- Nigeria Utilising Below 10% of 900 Dams – Minister
Out of the 900 dams in the country, less than 10 per cent have been utilised, the Minister of Agriculture and Rural Development, Chief Audu Ogbeh, has said.
Ogbeh said this in an interview published in the 2017/2018 Nigeria Outlook, an investment and governance journal, obtained by our correspondent in Abuja on Sunday.
The minister also stated that the Bank of Agriculture was struggling to recover N30bn owed it by farmers.
Reservoirs created by dams are used to suppress floods and provide water for irrigation, human consumption, industrial use and aquaculture.
Ogbeh stated that the ministries of Agriculture and Rural Development and Water Resources had constructed about 900 dams, out of which less than 10 per cent had been put into use.
He said, “We work together (both ministries); we do big and large dams, close to 900. But believe me, less than 10 per cent, maybe five per cent, have been used. Some of the big ones have been there since the Second Republic, wasting away, just full of sand but we are working together now with the Ministry of Water Resources to utilise those resources for irrigation.
“We need irrigation. One of the dangers facing us is that of the possibility of a drought. It comes once in a while in many countries. It has been in Central Africa for nearly seven years now. It’s in East Africa and we fear it might happen.

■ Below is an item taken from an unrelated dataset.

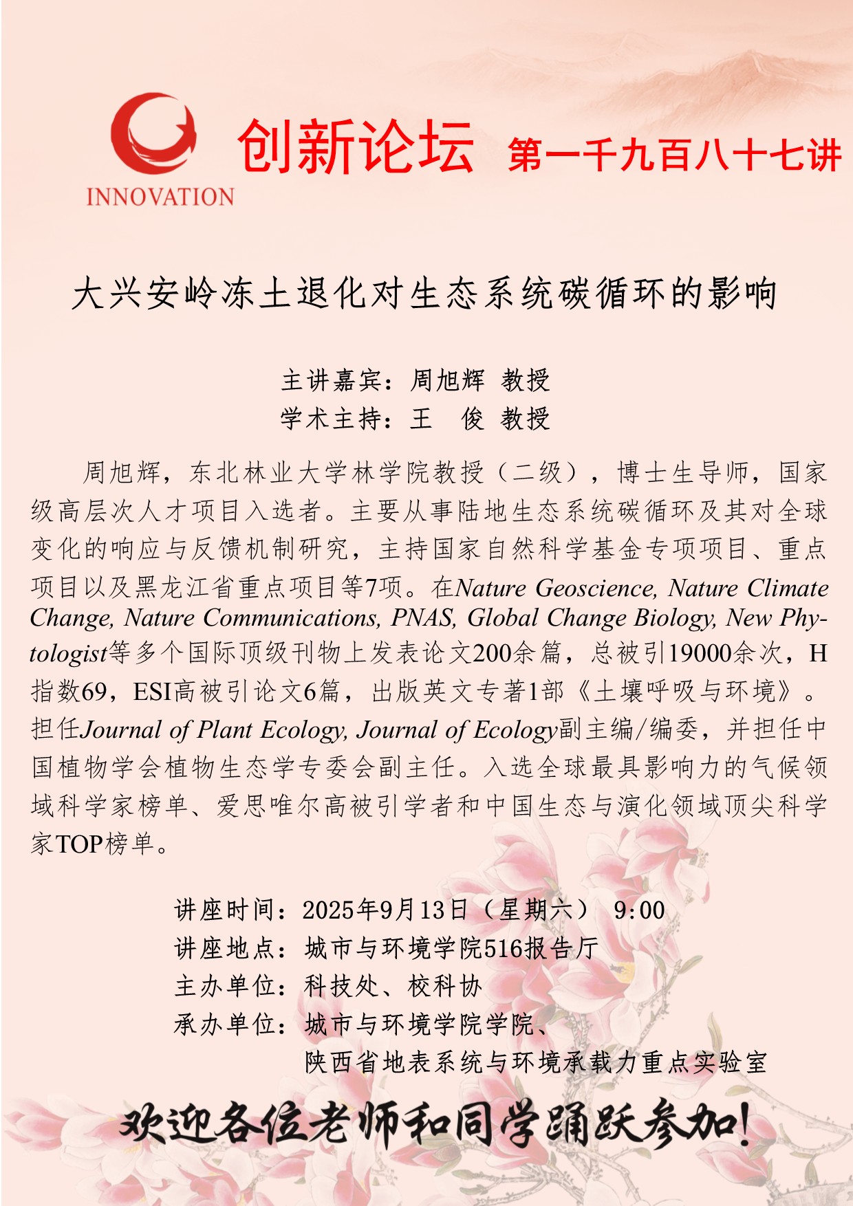 周旭辉 教授 天空(中国)创新论坛第一千九百八十七讲:大兴安岭冻土退化对生态系统碳循环的影响 讲座时间 2025年9月13日(星期六) 讲座地点 城市与环境学院516报告厅 讲座人介绍 周旭辉 教授 讲座内容

We are going to intensify the irrigation and build the partnership between us and the Ministry of Water Resources to go to the level where when they finish the dam, we can join hands with them and lease it out to farmers.”
Speaking on efforts to restructure the Bank of Agriculture, Ogbeh said one of the problems that had been encountered in the process was that the operations of the lender had been manual, adding that efforts were being put in place to digitise its operations.
He said another challenge that had been witnessed in the process was the collection of the N30bn owed the bank by farmers.
The minister said that the government was giving the farmers who were indebted to the bank more time to pay up since they were making more money through the sale of their produce.